Further, it’s interesting to look at results dating from the implementation of this particular scheme in March 2009 through to 28 October 2010. Probability of Detection hovers at around 0.8 ± 0.15 (80% ± 15% in the graph immediately below). The False Alarm Ratio has shown a steady decline – in other words, predictions of rainfall in the city forecasts have improved in accuracy over the last year.

Performance Target
MetService’s performance target for the forecast of precipitation in city forecasts is a combined POD greater than 0.77 for the 2010/11 financial year, increasing to 0.80 for the 2011/12 financial year.
Limitations
Even across small distances, there can be significant variations in rainfall during the course of a day. Thus, the observation point used to verify the forecast for a given place may or may not fairly represent the rainfall there – or may be a good indication in some weather situations but not in others. MetService observation sites are commonly at airports, which in general are at least some distance from the city or town they serve.
References
Finally, there is much literature about forecast verification. If you’d like to know more about it, try these:
Doswell Charles A., 2004: Weather forecasting by humans—Heuristics and decision making. Weather and Forecasting, 19, 1115–1126.
Doswell, Charles A., Robert Davies-Jones, David L. Keller, 1990: On Summary Measures of Skill in Rare Event Forecasting Based on Contingency Tables. Weather and Forecasting, 5, 576–585.
Hammond K. R., 1996: Human Judgment and Social Policy.
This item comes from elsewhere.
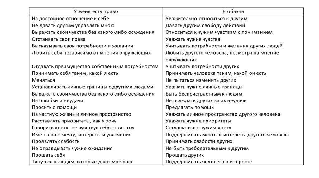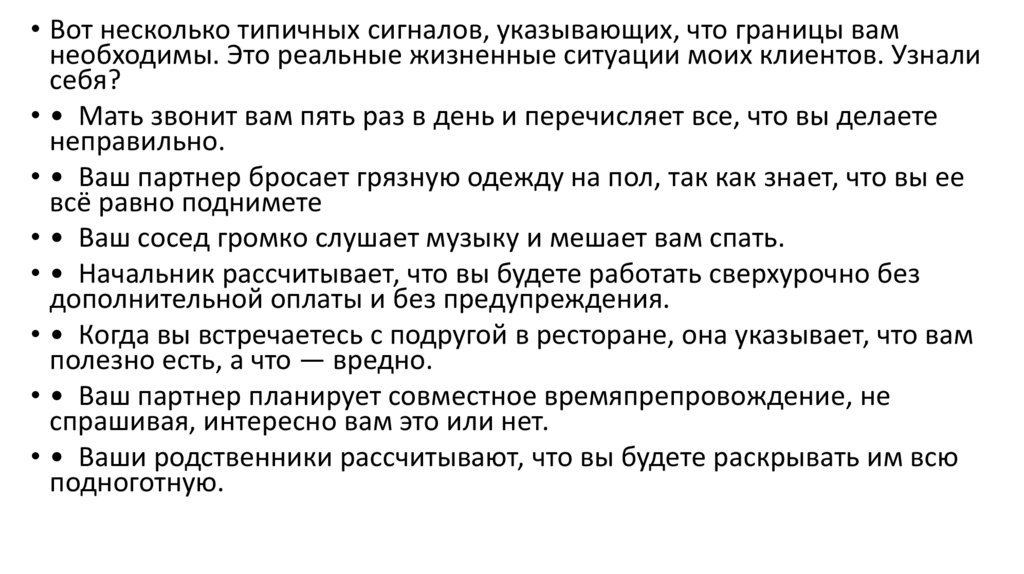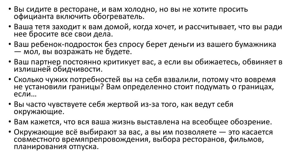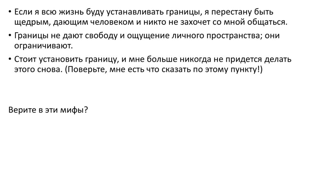 • Если я всю жизнь буду устанавливать границы, я перестану бытьщедрым, дающим человеком и никто не захочет со мной общаться.
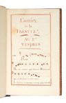 [MANUSCRIT]. [JOURDAN DE LAUNAY] L'Office de la Trinité En latin et en français, manuscrit décoré sur papier France, s.l. [Paris ?], daté 1770 et signé « Fecit Malartus » [II] + 151 pp. (les pp. 150-151 ne sont pas chiffrées et sont blanches à l'exception de l'encadrement), précédés et suivis de deux pages de gardes de papier, manuscrit complet, écriture liturgique romaine, texte et musique inscrit dans des encadrements à l'encre rouge pâle, musique notée carrée sur des portées de 4 lignes tracées à l'encre rouge pâle, rubriques et titres courants à l'encre rouge pâle, certaines capitales à l'encre rouge pâle. Reliure de maroquin rouge, dos à 5 nerfs cloisonné et fleuronné avec les meubles héraldiques répétés dans les entre-nerfs, lettrage doré au dos « Office de la Trinité », triples filets dorés en encadrement sur les plats, armoiries de Bernard-René Jourdan de Launay poussées au centre des plats [OHR, 2317], meubles héraldiques (massue d'or et sauterelle) répétés aux quatre angles des plats, filet doré sur les coupes, roulette intérieure, gardes de papier marbré peigné, tranches dorées. Bel exemplaire (quelques petits frottements au plat inférieur et petites épidermures ; coins un peu émoussés mais sans gravité). Dimensions de la reliure : 200 x 132 ; dimensions des feuillets : 194 x 124 mm. Fort rare provenance. Rare reliure ayant appartenue à Bernard-René Jourdan de Launay, dernier gouverneur de la Bastille (il occupe ses fonctions de 1776-1789). En 1789, Bernard-René Jourdan de (1740-1789) est le gouverneur (peu aimé si l'on en croit Linguet et Michelet) de la prison royale de la Bastille, charge qu'il avait rachetée à son prédécesseur Antoine-Joseph de Jumilhac. Il est reconnu comme celui qui donna l'ordre à ses soldats de tirer sur la foule le 14 juillet 1789. Après la reddition du château Jourdan de Launay est entrainé par les émeutiers vers l'Hôtel de Ville. En place de Grève, malgré la protection de soldats, Bernard-René Jourdan de Launay est poignardé. Sa tête est tranchée et promenée au bout d'une pique avec celle de Jacques de Flesselles, Prévôt des marchands, jusqu'au Palais Royal. On connait une reliure fort semblable recensée dans le Manuel de l'amateur de reliures armoriées françaises par Olivier, Hermal et de Roton [OHR, 2317]. Il s'agit d'un manuscrit calligraphié par Baudouin, calligraphe de la chapelle royale de Versailles, intitulé L'office de Noël (1768, 209 pp.). Ce manuscrit est conservé depuis 2008 à New York, Metropolitan Museum of Art (M2149.5 .C5 1768 : Gift of Jayne Wrightsman). On rappellera l'importance de la collection de Jayne Wrightsman, amateur entre autres de reliures du XVIIIe siècle : un grand nombre d'ouvrages du XVIIIe siècle, finement reliés, furent donnés en 2019 à la Pierpont Morgan Library (voir Exposition New York, Pierpont Morgan Library, Bound for Versailles : The Jayne Wrightsman Bookbindings Collection). Fiche complète dans le catalogue à télécharger.

Oxford University Press, 436 pp.
Roebber, Paul J., 2009: Visualizing Multiple Measures of Forecast Quality. Weather and Forecasting, 24, 601–608.
Stephenson, David B., 2000: Use of the “odds ratio” for diagnosing forecast skill. Weather and Forecasting, 15, 221–232.


“Precipitation is considered to have fallen if the automatic weather station records any precipitation amount greater than zero.” Though convenient, it’s not really very relevant. In my Auckland, it can be a *really nice day* with two or three slight showers adding to the sparkling clarity and freshness, or dull, overcast, and either cold or muggy, with no showers at all.
Do meteorologists anywhere try to capture something like this?
Measuring how successfully the “niceness of the day” was forecast is rather more challenging. In short, our experiences with schemes for this are (a) they take a lot more time and effort and are therefore not easily extensible to a large number of places, (b) they require a degree of subjectivity, which we try to avoid when verifying forecasts, and (c) they tend not to provide much more information.
As you suggest, the verification “error” that may occur on marginal days cuts both ways. We are happy to accept that some forecasts will be marked incorrectly, but overall, and in the long run, the scheme will accurately represent the success of forecasts of rain or not.
The results from this automated scheme are consistent with an earlier manual verification scheme we operated. If we started over or under forecasting rain, the effect of it would soon show up in the verification results even when such simple methods are used.